Da una parte la Calabria raccontata da Roberto Occhiuto, quella dei video sui social, degli aeroporti in crescita e dei collegamenti internazionali esibiti come la prova di una regione finalmente decollata. Dall’altra quella raccontata da Ernesto Alecci che resta a terra, stenta a decollare, con i conti da verificare, i voli acquistati “vuoto per pieno”, i lavoratori finanziati con risorse pubbliche, i parcheggi dell’aeroporto di Lamezia Terme affidati a condizioni sulle quali Sacal dovrebbe fornire risposte. È su questa distanza tra comunicazione e realtà che il capogruppo del Partito democratico in Consiglio regionale costruisce il suo intervento nella sede del Pd di Vibo Valentia. Al suo fianco ci sono gli ex consiglieri regionali Raffaele Mammoliti e Antonio Lo Schiavo. Non una semplice rimpatriata della precedente legislatura, ma il tentativo di rimettere insieme esperienze, proposte e rappresentanza politica in un territorio che oggi si sente più debole.
Il piano Ryanair: “La Calabria compra i voli vuoto per pieno”
Alecci sottolinea il rapporto tra la Regione e Ryanair, diventato uno dei simboli della politica turistica e aeroportuale di Occhiuto. “La Calabria trasferisce a Ryanair una montagna di milioni di euro perché Ryanair fa l’agenzia di promozione. Ma credo che le agenzie di promozione siano altre rispetto a Ryanair.

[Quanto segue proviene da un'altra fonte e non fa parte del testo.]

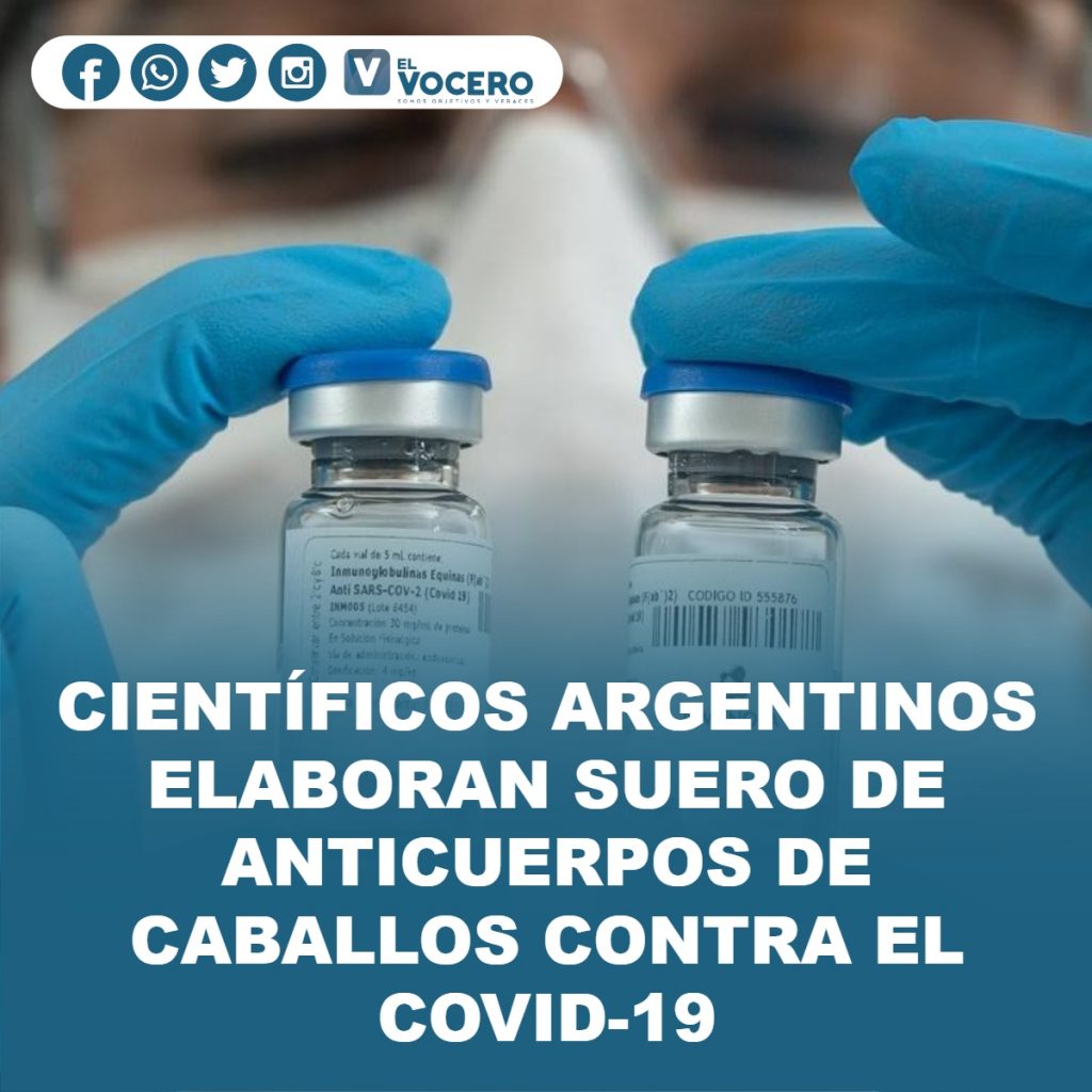 Científicos argentinos esperan probar en humanos el próximo julio un suero elaborado a partir de anticuerpos de caballos; el elemento logró impedir el ingreso del coronavirus SARS-CoV-2 a las células en pruebas de laboratorio.

Ognuno deve fare il proprio mestiere. Non è che mettendo il nome della Calabria su qualche volantino o su qualche rivista a bordo il turismo possa aumentare così tanto”. Il capogruppo dem contesta soprattutto il meccanismo scelto per garantire i collegamenti internazionali: “La Calabria sta acquistando vuoto per pieno dei collegamenti con tante destinazioni europee. Tolta qualche destinazione molto interessante, bisogna capire quante di queste rotte portino più calabresi a visitare quelle mete che stranieri a venire in Calabria”.